The following is a summary of my recent interview with Gabe Zubizarreta, CEO and founding principal of Silicon Valley Accountants, about the impact of the changes to revenue recognition within finance and beyond its walls.

At first glance, the new rule seems to apply to companies dominican republic mobile numbers list that sell software. But you maintain the new rule applies to all business sectors. What are some examples of how the rule will impact sectors beyond business software vendors?

Every company will have new more detailed disclosure requirements—all companies that sell multiple elements in a single contract will be affected. The method of estimating bad debts will be altered. Contingent revenue will change from “until assured” to “estimate at inception.” The guidance in all areas is going to become more subjective.

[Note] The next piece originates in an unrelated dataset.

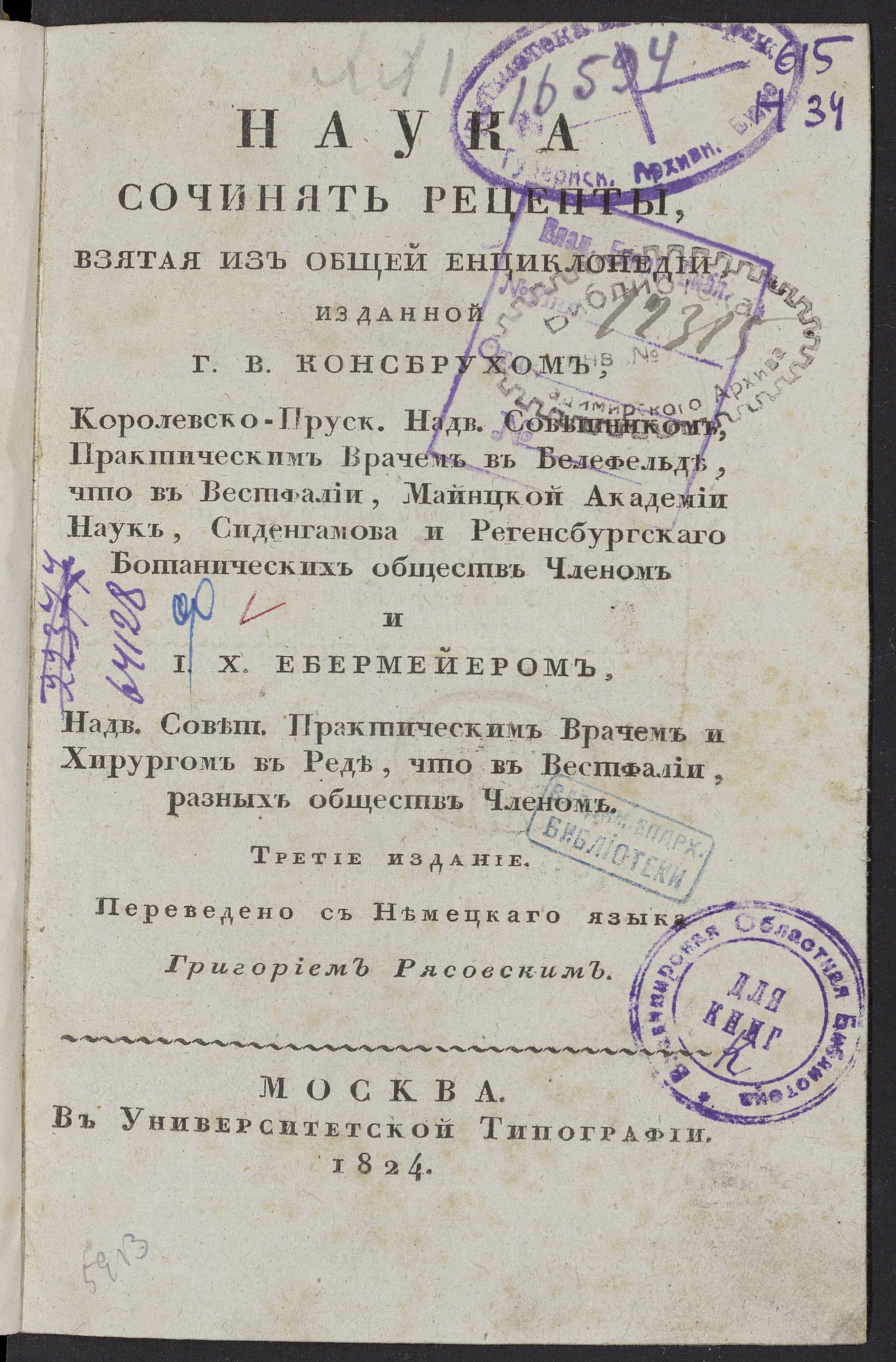 ИздательствоНаука сочинять рецепты: взятая из общей енциклопедии / изданной Г. В. Консбрухом, королевско-пруск. надв. советником, практическим врачем в Белефельде, что в Вестфалии, Майнцкой академии наук, Сиденгамова и Регенсбургскаго ботанических обществ членом и И. Х. Ебермейером, надв. совет., практическим врачем и хирургом в Реде, что в Вестфалии, разных обществ членом.; переведено с немецкаго языка Григорием Рясовским. — Третие издание

Certain sales and fulfillment costs may need to be capitalized. There are also tax implications for most accrual-based corporations.

Can you give a few examples of how this change in an accounting rule winds up impacting people in functional areas outside of finance?

New sales contracts; new definitions of products, services, and SKUs; new evidence of delivery or acceptance; new estimation methods; new tracking and allocations of certain selling and fulfillment costs; potential amended tax filings.

Why the strong sense of urgency in your thought leadership message?

If you wait until there is certainty, it will be too late, very expensive, and may result in reporting risk. There are many potential unintended consequences and secondary effects. And because there are so many resource demands, late changes will be expensive. Also, there will be COSO, SOX and audit implications.